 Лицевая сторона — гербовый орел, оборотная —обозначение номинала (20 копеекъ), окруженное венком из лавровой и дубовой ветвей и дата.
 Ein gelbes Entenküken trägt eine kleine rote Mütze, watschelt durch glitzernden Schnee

┄┄┄┄┄┄┄┄┄┄┄┄┄┄┄┄┄┄┄┄

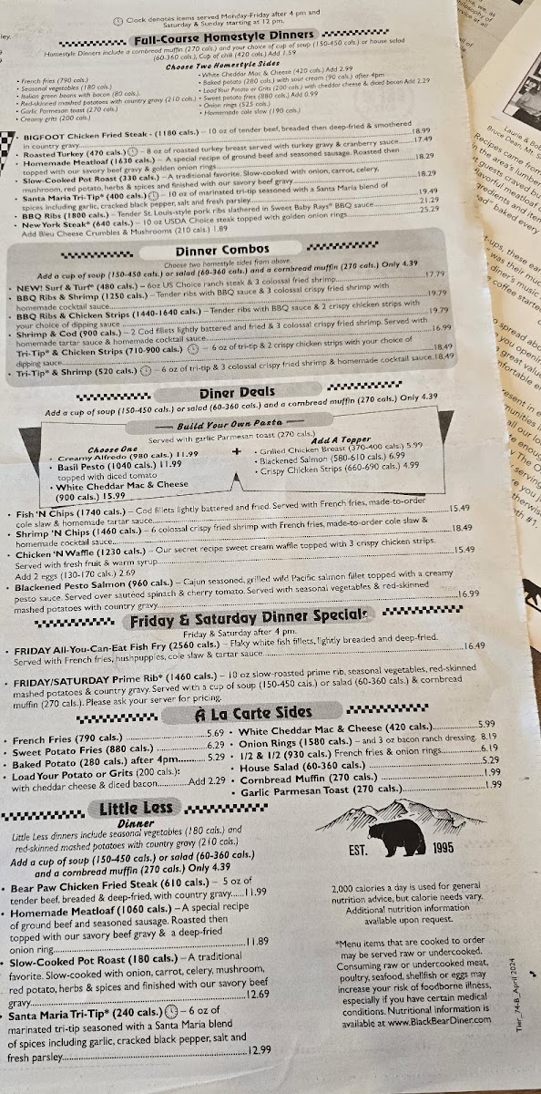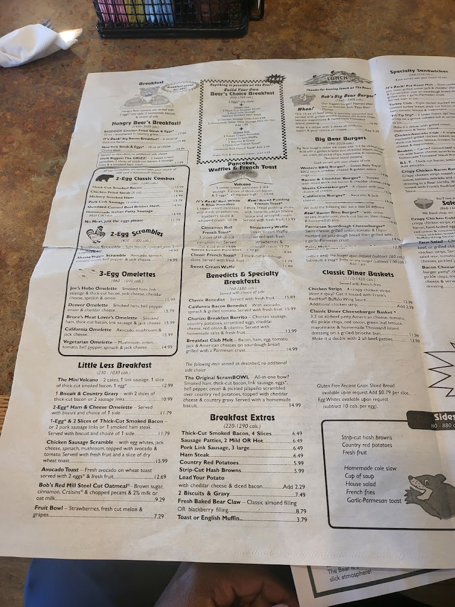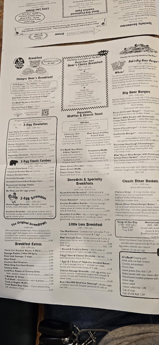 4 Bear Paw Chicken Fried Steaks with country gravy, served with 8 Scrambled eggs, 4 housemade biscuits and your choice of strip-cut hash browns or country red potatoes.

┄┄┄┄┄┄┄┄┄┄┄┄┄┄┄┄┄┄┄┄

* **Aim of the exercise**: Only the lines from the one containing "Лицевая сторона —" through the one containing "Ein gelbes Entenküken" are to be retyped, both boundary lines included, with no other material.

* **Task result**:
 Лицевая сторона — гербовый орел, оборотная —обозначение номинала (20 копеекъ), окруженное венком из лавровой и дубовой ветвей и дата.
 Ein gelbes Entenküken trägt eine kleine rote Mütze, watschelt durch glitzernden Schnee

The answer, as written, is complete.